A complete HF-examination consists of a cluster of common core subjects, three optional subjects and a major written assignment. The foreign languages can be taken at beginner level and continuation level, the latter requiring a certain previous knowledge.

== Methods ==
The instruction is provided in the form of class instruction in the individual subjects. There is project work in certain subjects, which will often be carried out in groups (group work).

The instruction must constitute a whole and must therefore be organised so that the subjects give mutual support to each other. The instruction in the individual class must be co-ordinated to ensure coherence between the subjects and a suitable distribution of the students' workload.

== Pupil evaluation ==
The students receive progress reports and grades throughout the two years and a final end-of-year or end-of-term examination is given in each subject of study.

Another important difference from the Gymnasium is that a complete HF-examination requires an examination in all subjects (except for visual arts, PE and sport and music at common core level). The examination takes place at the end of the year in which the instruction in the subject ends.

It is possible to omit sitting for an examination in a common core subject, if the subject in question has been chosen as an optional subject. This does not however apply to the common core subjects of mathematics and physics/chemistry, in which there will always be an examination.

Both written and oral examinations are held in the following subjects: Danish, English (optional), German/French (continuation level as optional subject), mathematics common core, mathematics optional, and in subjects chosen at high level.

In the remaining subjects, only oral examinations are held. Written examination questions are produced by the Ministry of Education's Department of General Upper Secondary Education. For each subject, there is an examination committee consisting of hand- picked teachers and the department's subject advisers for the subject in question. Oral examinations are held in subjects selected (at random) by the Department of General Upper Secondary Education for each individual school.

Written examination papers are marked by two external examiners, i.e. the teacher has no share in the mark given, but is given two days to ask for a reconsideration of individual marks. At oral examinations, the teacher and one external examiner together decide on the mark to be given, where the external examiner has the last word.

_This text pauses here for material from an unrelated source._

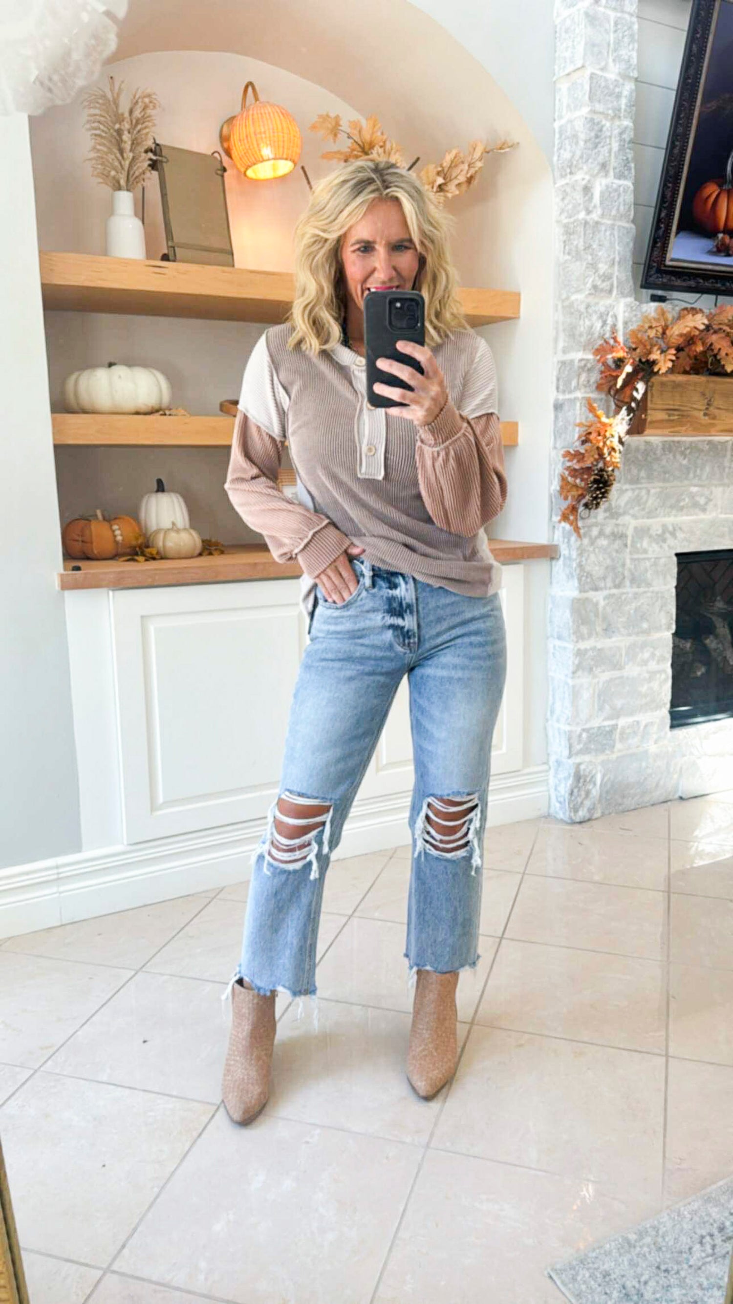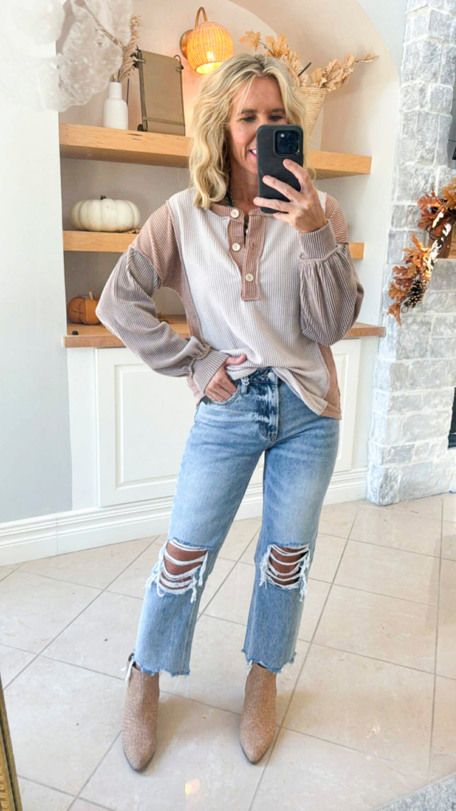 You are going to love this top! Our "Amalias Rib Long Sleeves Top" is the perfect piece for those days when you want to look put-together without even trying. The chunky ribbed texture is so cozy and feels amazing on, and the color-block design in these beautiful neutral tones makes it feel so fresh and stylish. It has a cute henley button placket that gives it a little extra detail. With its relaxed fit and soft feel, this top is your new go-to for an effortlessly chic and comfortable look.

For each subject, there is a permanent group of external examiners made up from teachers - with 5% of the members from other sectors of the education system or from industry.

== Certification ==

The responsible authority for the content and examinations is the Ministry of Education.

The title of the examination taken at the end of the HF-programme is the higher preparatory examination. Students who have passed the examination are issued with a certificate, which contains the following information:

- 1) marks in common core subjects which have not also been chosen as optional subjects,
- 2) marks in optional subjects,
- 3) the mark for the major written assignment,
- 4) the average mark, calculated with one decimal.

The certificate is signed by the headmaster of the HF-establishment, where the examination has been taken. Certificates are drawn up by the Ministry of Education. Only one original certificate must be issued. A copy, including a translated certificate (the certificate also exists in English, German and French) must be designated "copy".

Ministerial regulations have been issued with regard to the award of credits in connection with teaching and examinations for students who have followed the instruction and taken examinations from other programmes at upper secondary level.